----- The input
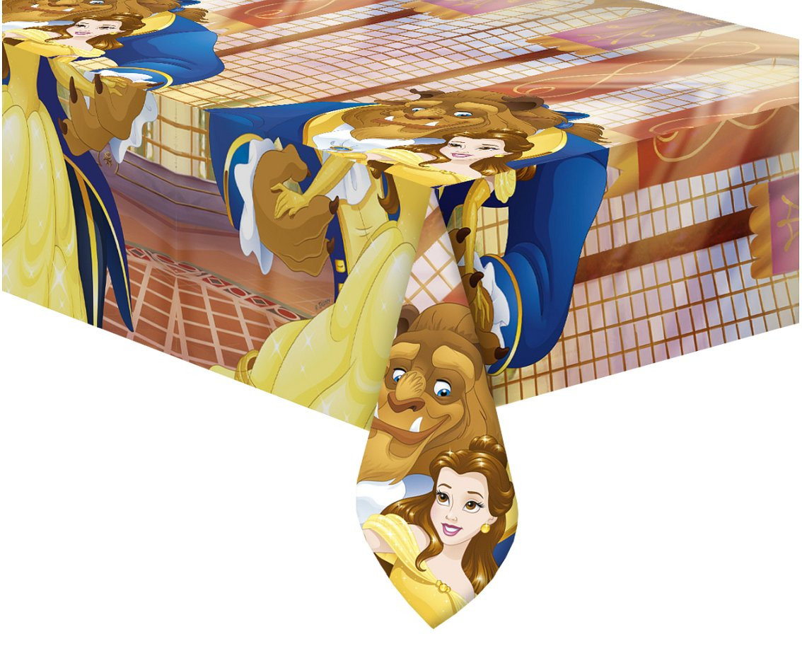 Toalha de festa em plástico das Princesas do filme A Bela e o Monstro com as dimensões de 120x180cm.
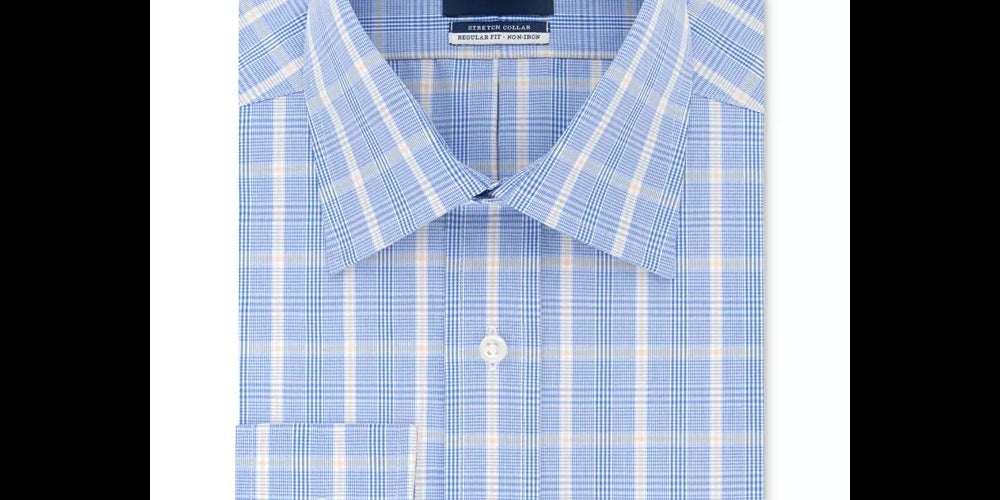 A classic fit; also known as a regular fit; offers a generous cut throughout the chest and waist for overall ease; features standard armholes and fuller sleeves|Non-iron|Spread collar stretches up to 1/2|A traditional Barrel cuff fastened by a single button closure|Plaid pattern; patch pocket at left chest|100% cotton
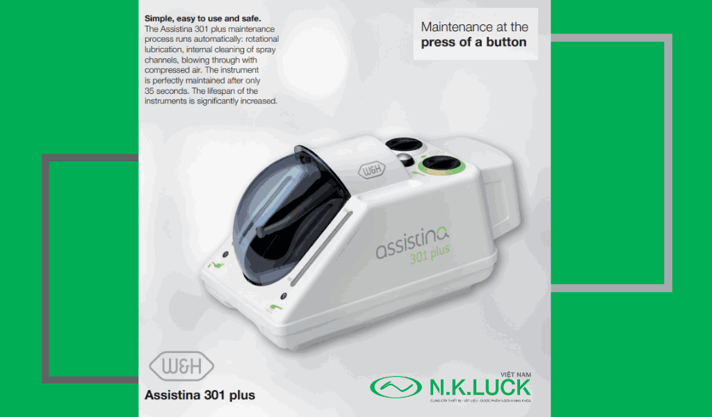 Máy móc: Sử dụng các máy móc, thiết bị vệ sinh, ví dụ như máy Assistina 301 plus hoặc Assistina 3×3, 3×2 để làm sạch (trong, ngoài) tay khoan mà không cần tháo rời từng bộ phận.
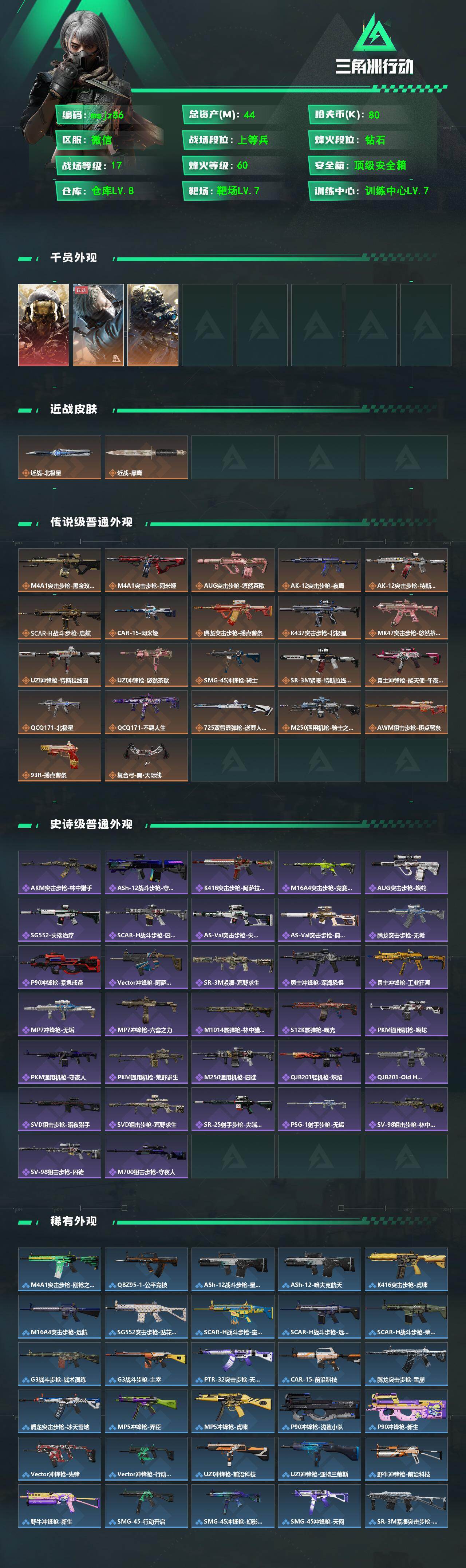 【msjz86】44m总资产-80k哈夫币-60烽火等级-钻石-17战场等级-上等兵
----------
----- The input
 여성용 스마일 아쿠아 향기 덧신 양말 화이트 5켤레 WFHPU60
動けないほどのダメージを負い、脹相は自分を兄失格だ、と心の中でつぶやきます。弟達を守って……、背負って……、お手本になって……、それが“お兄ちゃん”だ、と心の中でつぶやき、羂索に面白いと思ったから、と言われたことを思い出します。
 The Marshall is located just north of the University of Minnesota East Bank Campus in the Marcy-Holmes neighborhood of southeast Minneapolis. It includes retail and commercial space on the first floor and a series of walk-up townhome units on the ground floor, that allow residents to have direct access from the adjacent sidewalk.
----------
----- The input
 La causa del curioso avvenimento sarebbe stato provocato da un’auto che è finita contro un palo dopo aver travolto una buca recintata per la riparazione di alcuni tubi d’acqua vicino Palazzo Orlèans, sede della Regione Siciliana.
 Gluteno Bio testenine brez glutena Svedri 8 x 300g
----------
> Task description:
In the listing above, locate the line containing "動けないほどのダメージを負い" and the line containing "The Marshall is". Extract those two lines and every line between them, exactly as written, and only those.

> Result:
動けないほどのダメージを負い、脹相は自分を兄失格だ、と心の中でつぶやきます。弟達を守って……、背負って……、お手本になって……、それが“お兄ちゃん”だ、と心の中でつぶやき、羂索に面白いと思ったから、と言われたことを思い出します。
 The Marshall is located just north of the University of Minnesota East Bank Campus in the Marcy-Holmes neighborhood of southeast Minneapolis. It includes retail and commercial space on the first floor and a series of walk-up townhome units on the ground floor, that allow residents to have direct access from the adjacent sidewalk.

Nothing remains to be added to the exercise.